The mere mention of a fund of this size clearly shows how impracticable a regular reserve plan would be. The fund would present insuperable problems of management and investment entirely apart from the practical problem of protecting a reserve of such huge dimensions from diversion into other channels under the pressure of emergency.
On the general subject of reserve funds built up by the federal government, it is essential to keep in mind that the payment of the interest upon such funds rests in the final analysis upon the taxing power of government. Therefore, the financial stability of the annuity plan and the security of the promises made to the participants, rests upon the guarantee of the federal government to undertake to carry as much of the load as is not carried by the contributions of the prospective annuitants and their employers. In the development of the plan, the obligation of the government to protect the rights of the contributors should be regarded as a contractual, irrevocable obligation.
From what has been said, it is apparent that no matter how the plan is handled, there is no practicable way of avoiding eventually placing a heavy burden upon future generations in meeting the obligations to those who will make up the aged population of the future. This does not mean that these obligations should not be incurred. It does mean, however, that we should clearly understand the nature of our undertaking.
It should be pointed out that the elaborate calculations upon which a report of this kind rests assumes a relatively stable level of prices over the years, thus emphasizing the importance of general economic conditions in the satisfactory functioning of long range plans of the kind proposed. This does not imply that changes in price level will not occur, but that they cannot be forecast.
Pages 19 and 20.In connection with the voluntary old age annuities, we believe that in emphasizing the self-supporting features of the system, there should be a recommendation that periodically actuarial examinations should be made of the fund, and the rates for new entrants revised in accordance with experience.

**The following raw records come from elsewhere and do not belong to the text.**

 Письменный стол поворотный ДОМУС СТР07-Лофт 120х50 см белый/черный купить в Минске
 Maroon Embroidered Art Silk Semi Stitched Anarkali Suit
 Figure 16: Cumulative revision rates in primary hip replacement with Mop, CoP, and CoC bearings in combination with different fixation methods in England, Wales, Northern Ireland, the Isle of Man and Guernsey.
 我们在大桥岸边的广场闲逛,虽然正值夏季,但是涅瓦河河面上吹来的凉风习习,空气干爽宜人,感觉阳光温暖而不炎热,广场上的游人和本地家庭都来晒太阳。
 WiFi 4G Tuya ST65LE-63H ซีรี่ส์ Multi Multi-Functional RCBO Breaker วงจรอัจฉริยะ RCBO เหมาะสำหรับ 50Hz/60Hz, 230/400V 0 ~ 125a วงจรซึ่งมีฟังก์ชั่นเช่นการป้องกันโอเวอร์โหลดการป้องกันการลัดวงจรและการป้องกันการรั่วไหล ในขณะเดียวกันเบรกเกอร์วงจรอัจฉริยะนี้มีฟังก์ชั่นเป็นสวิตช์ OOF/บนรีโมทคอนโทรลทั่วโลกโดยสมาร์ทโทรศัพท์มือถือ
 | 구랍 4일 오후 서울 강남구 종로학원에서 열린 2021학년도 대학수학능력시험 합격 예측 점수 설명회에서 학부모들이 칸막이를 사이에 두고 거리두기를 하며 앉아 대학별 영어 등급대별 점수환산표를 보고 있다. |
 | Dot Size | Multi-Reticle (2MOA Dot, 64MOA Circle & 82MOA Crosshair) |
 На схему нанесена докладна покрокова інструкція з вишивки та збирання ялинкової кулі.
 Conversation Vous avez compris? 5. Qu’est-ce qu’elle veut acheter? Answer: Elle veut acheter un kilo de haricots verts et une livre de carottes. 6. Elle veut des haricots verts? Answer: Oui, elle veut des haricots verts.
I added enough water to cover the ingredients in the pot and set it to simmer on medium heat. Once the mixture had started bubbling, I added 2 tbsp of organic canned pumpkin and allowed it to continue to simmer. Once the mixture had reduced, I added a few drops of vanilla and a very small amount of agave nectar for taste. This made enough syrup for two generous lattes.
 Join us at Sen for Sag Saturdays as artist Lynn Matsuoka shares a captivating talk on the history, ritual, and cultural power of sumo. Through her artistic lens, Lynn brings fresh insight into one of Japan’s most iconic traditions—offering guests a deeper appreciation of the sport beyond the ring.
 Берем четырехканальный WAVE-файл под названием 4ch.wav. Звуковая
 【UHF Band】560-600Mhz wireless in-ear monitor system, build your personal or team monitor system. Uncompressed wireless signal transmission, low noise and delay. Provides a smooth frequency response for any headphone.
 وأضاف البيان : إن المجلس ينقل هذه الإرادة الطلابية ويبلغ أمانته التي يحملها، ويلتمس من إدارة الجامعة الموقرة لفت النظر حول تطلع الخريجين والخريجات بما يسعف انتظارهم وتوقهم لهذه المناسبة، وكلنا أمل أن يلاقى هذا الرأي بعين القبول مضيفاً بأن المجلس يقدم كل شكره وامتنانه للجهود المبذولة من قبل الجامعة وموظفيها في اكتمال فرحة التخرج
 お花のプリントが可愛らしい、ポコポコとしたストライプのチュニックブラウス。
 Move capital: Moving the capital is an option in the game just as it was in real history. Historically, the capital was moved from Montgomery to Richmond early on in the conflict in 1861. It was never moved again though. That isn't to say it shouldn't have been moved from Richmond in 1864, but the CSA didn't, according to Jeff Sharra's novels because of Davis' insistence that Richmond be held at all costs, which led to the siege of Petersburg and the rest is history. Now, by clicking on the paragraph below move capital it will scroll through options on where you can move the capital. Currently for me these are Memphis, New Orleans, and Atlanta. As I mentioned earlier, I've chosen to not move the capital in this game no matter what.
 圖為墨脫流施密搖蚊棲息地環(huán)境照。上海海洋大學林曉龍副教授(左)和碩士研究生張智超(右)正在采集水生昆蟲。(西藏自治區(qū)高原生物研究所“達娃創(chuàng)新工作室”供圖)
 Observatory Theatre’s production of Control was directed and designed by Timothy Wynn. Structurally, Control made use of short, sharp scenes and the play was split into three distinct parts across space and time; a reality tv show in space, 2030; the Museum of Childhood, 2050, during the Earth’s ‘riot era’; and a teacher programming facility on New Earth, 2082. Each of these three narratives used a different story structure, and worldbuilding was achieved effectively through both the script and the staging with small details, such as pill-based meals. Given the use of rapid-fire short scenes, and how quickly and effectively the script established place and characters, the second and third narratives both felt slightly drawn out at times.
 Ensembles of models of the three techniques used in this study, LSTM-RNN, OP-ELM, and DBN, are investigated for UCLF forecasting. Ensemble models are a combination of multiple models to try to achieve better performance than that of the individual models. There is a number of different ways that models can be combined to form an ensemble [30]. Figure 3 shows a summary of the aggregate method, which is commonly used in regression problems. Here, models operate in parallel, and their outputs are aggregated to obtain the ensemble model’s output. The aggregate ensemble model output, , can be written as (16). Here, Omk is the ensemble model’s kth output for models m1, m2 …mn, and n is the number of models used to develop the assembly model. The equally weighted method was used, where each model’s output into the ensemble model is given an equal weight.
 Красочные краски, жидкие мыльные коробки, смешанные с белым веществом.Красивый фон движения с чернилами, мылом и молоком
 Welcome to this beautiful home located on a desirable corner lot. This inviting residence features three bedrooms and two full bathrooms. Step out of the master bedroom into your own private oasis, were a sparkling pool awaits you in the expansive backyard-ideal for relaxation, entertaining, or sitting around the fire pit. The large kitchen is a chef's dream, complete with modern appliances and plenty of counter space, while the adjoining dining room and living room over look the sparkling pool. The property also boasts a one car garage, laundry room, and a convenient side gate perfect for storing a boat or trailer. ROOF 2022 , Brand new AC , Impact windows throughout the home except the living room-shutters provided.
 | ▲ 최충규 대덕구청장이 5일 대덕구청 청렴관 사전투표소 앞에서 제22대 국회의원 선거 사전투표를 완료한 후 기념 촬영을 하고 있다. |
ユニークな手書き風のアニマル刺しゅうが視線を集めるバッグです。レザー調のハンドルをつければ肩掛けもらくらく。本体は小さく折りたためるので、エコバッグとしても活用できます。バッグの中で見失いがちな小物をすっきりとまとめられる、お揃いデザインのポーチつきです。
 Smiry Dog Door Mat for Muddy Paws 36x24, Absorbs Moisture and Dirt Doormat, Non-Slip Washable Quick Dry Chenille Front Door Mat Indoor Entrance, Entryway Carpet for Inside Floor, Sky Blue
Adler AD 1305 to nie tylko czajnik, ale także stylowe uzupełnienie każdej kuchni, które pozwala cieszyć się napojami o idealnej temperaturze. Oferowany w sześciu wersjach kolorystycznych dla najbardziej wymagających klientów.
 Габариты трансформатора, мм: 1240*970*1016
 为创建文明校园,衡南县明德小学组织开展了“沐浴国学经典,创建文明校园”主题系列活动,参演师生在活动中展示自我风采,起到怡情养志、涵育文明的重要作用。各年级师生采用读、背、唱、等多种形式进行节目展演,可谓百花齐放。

Also that provision should be made for the charging to the voluntary annuity of all expenses that might be incurred by any branch of the government service in connection with the operation of the plan.
Page 20. We would suggest the following revision of paragraph 4:
The plan should be aimed primarily at the provision for old age income, and this objective should be recognized by issuing only annuity contracts without cash and loan values. Provision could also be made, if desired, for a return of premiums in the event of death prior to retirement.
ADDENDUM TO COMMENTS OF THE ACTUARIAL COMMITTEE ON THE RECOMMENDATIONS FOR OLD AGE SECURITY
Following the vote of the Executive Committee of the Technical Board to keep separate the financing of the Contributory Old Age Annuity Plan from the Old Age Pension Plan, it is recommended that the progress of the reserve funds of the annuity plan, (page 14 of the report) be shown without a federal subsidy until the reserve becomes exhausted.
It is recommended further that paragraph 4 of page 7 of the report, in regard to the borrowing of annuity reserve funds for subsidies to old age pension plans, be amplified by the inclusion of a schedule showing the extent to which government would increase its indebtedness if it proceeded to borrow, up to the full amount available in the reserve at any time, the amounts required for subsidies to old age pension plans.
It is desired to revise the comments with reference to page 6 of the report as follows:
In connection with the conditions necessary for eligibility to a pension, we believe that account should be taken of change of residence from state to state as it is bound to be met in practice. When this occurs, the plan should provide that the individual will neither gain nor lose by the transfer.